Intro
CircuitNet
CircuitNet is an open-source dataset dedicated to machine learning (ML) applications in electronic design automation (EDA). We have collected more than 10K samples from versatile runs of commercial design tools based on open-source RISC-V designs with various features for multiple ML for EDA applications.
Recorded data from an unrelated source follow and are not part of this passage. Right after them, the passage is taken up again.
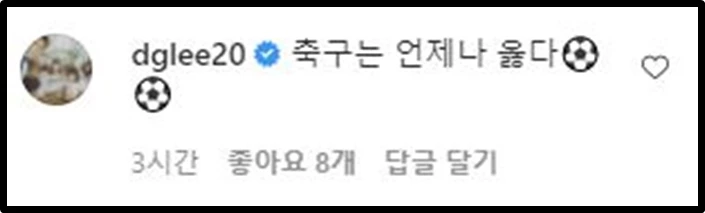 이날 아들의 쓰러진 모습을 본 이동국은 "축구는 언제나 옳다"라는 댓글을 남기며 열정을 칭찬했습니다.
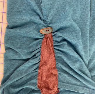 In the 3rd photo below, you can see that I actually tied a knot at the garment's left shoulder.
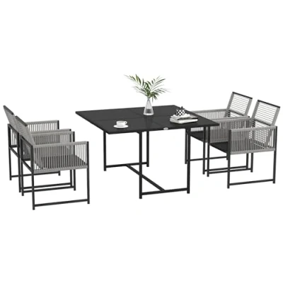 Outsunny 5 Pieces Garden Dining Set, Outdoor Patio Cube 4 Seater Table and Chairs with Foldable Backrest, Tempered Glass Top, Handwoven Rope for Poolside, Space Saving, Light Grey
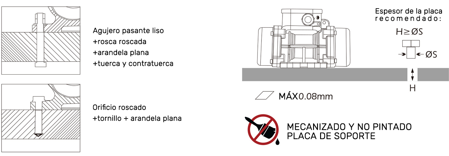 La superficie de la placa base donde se monta el motor vibrador tiene una tolerancia permitida de 0,08 mm, para que la superficie repose uniformemente y se evite tensión interna, lo que podría causar la rotura del pie del motor vibrador.
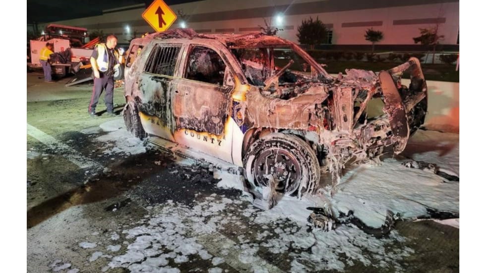 Deputy K. LeMelle was parked on the side of the road monitoring traffic around 2 a.m. when her patrol vehicle was struck from the rear by a commercial work vehicle after the driver veered onto the shoulder.
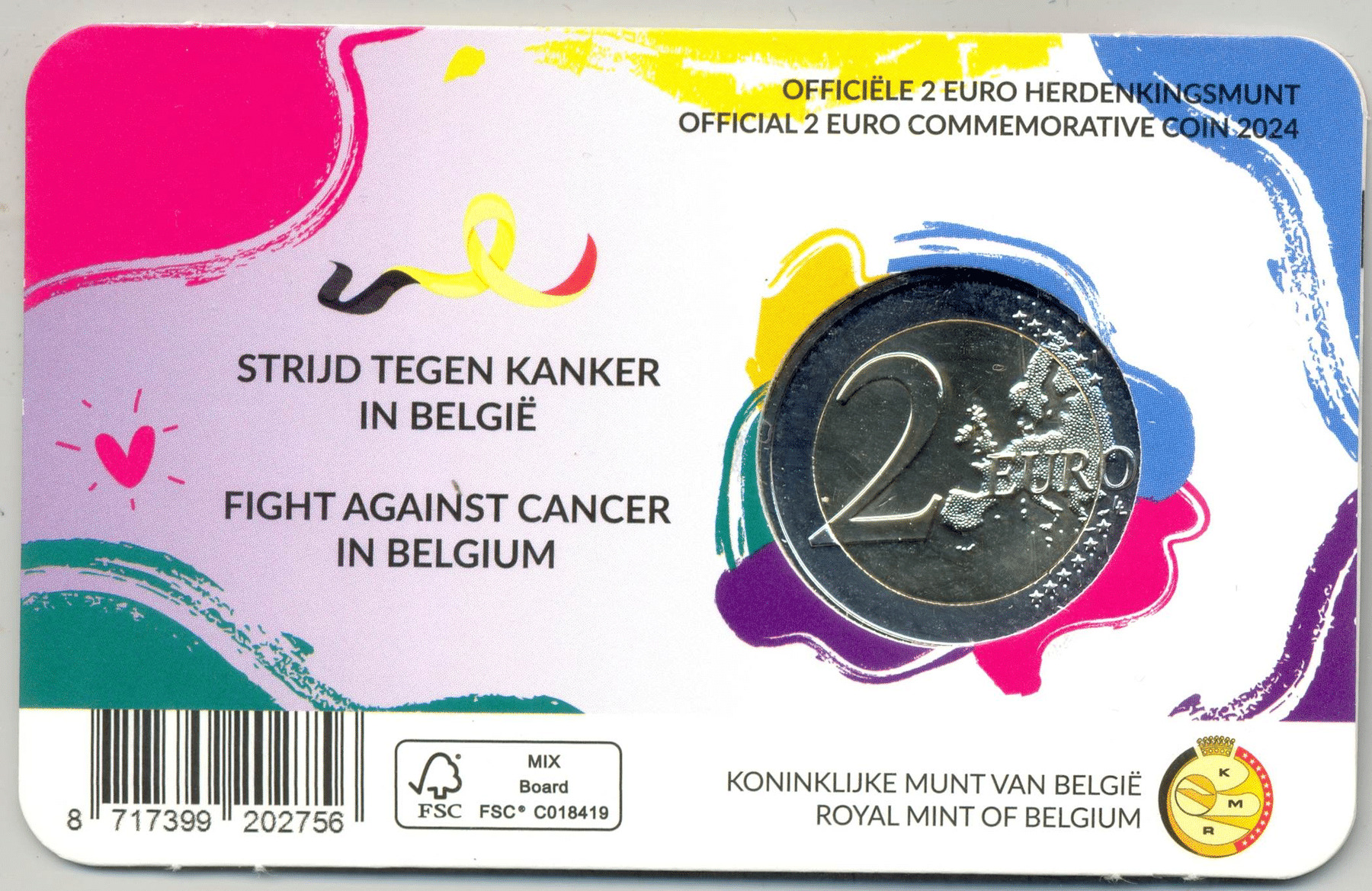 BELGIQUE 2024 2 EURO LUTTE CONTRE LE CANCER COINCARD VERSION FLAMANDE

The features are saved seperately as below:
.
├── routability_features
| ├── cell_density
| └── congestion
| | ├── congestion_early_global_routing
| | | ├── overflow_based
| | | | ├── congestion_eGR_horizontal_overflow
| | | | └── congestion_eGR_vertical_overflow
| | | └── utilization_based
| | | ├── congestion_eGR_horizontal_util
| | | └── congestion_eGR_vertical_util
| | └── congestion_global_routing
| | ├── overflow_based
| | | ├── congestion_GR_horizontal_overflow
| | | └── congestion_GR_vertical_overflow
| | └── utilization_based
| | ├── congestion_GR_horizontal_util
| | └── congestion_GR_vertical_util
| ├── DRC
| | ├── DRC_all
| | └── DRC_seperated
| ├── macro_region
| └── RUDY
| ├── RUDY
| ├── RUDY_long
| ├── RUDY_short
| ├── RUDY_pin
| └── RUDY_pin_long
├── IR_drop_features
| ├── power_i
| ├── power_s
| ├── power_sca
| ├── power_all
| ├── power_t
| └── IR_drop
├── graph_features
| ├── flatten_netlist
| ├── hierarchical_netlist
| ├── graph_information
| └── instance_placement
├── LEF&DEF
├── doc
| └── user_guide.pdf
└── script
├── decompress_routability.py
├── decompress_IR_drop.py
└── generate_training_set.py
We separate the features and store them in different directories to enable custom applications. Thus they need to be preprocessed and combined in certain arrangement for training. Our scripts can preprocess and combine different features for training and testing. But we also encourage to implement different preprocessing methods and use different combinations of features.